Марина Ивановна Цветаева. Из письма К. Б. Родзевичу. 2у сентября 1923 г.:
Вы получите это письмо утром, прошу Вас: отложите его до вечера, до часа наших встреч. Это не письмо, это слова вслух, говорю их Вам, а не пишу.
«Есть час — на те слова!»
О, многое у меня в стихах бессознательно предвосхищено, я так хочу, чтобы Вы знали мои стихи.
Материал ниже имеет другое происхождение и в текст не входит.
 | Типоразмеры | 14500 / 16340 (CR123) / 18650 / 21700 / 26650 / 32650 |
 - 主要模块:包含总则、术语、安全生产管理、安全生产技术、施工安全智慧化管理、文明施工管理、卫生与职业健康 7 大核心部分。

Когда это всё будет?!
Итак, вложите письмо обратно в конверт, свое внимание — обратно — в Догму. День — час римских прав, ночь — райских. (Каждая удачная игра слов — глубокая правда!)
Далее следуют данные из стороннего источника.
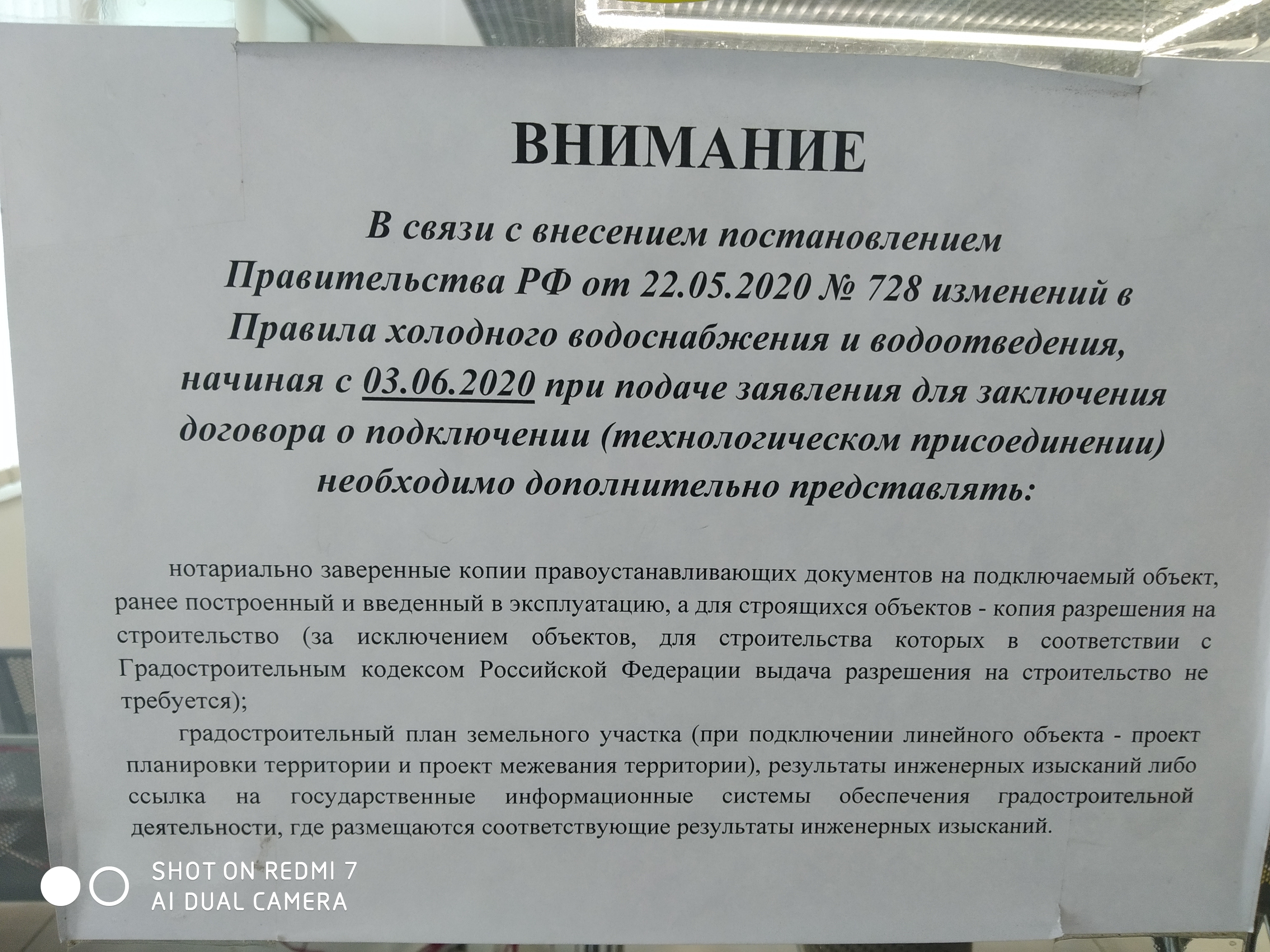 >>49412 >>49492 Лол, Вася, иди и залупайся на них, тебе в уши бессовестно нассали. Вот тебе актуальный текст Правил в той самой редакции: > 17. К заявке абонента прилагаются следующие документы: > а) копия документа, подтверждающего право собственности или иное законное основание возникновения прав владения и (или) пользования на объект у абонента, в том числе на водопроводные и (или) канализационные сети и иные устройства, необходимые для присоединения к централизованным системам холодного водоснабжения и (или) водоотведения, приборы учета. Абоненты, не имеющие непосредственного подключения к объектам централизованной системы водоснабжения или водоотведения, принадлежащим организации водопроводно-канализационного хозяйства на праве собственности или ином законном основании, обязаны представить акт разграничения балансовой принадлежности и эксплуатационной ответственности с лицами, владеющими на праве собственности или ином законном основании водопроводными и (или) канализационными сетями, составленный по форме согласно приложению N 1, за исключением случаев, если объекты таких абонентов подключены к бесхозяйным сетям, а также если осуществляется неорганизованный сброс поверхностных сточных вод с территорий абонентов в централизованную систему водоотведения; > (в ред. Постановления Правительства РФ от 22.05.2020 N 728)

И вот, в час райских прав, а — может быть — земных… (Что — может быть — не меньше…)
Только ада не нужно, где всё сгорает!
* * *Дорогой друг,
Перечитываю сегодняшнюю ночь и вношу в нее следующие поправки. Начало и не-конец (единственное, где конец быть должен!) никогда не конец, но всегда начало, — вот самая точная правда о моих прошлых днях и годах и, думаю, единственная разгадка моего усугубленного одиночества в любви. Ведь и музыку слушая (а здесь — огромные соответствия!) ждешь конца (разрешения) и не получая его — томишься. (Томление: весь Скрябин.) Не могла я, музыкальная в основе и, может быть, в замысле своем больше музыкант, чем поэт, не томиться и здесь по разрешению. Но почему никогда не: «Подожди». О, никогда, почти на краю, за миллиметр секунды до, — никогда! ни разу! Это было нелегко и это совсем не походило на то, что я Вам говорила (не ложь, некое исступление гордости, сразу не привыкаешь, простите) — но сказать мне — чужому, попросить — мне, так ввериться, нет, я предпочитала — впрочем, и предпочтения не было: другой — чужой, другому до меня нет дела. Недоверие? Гордость? Стыд?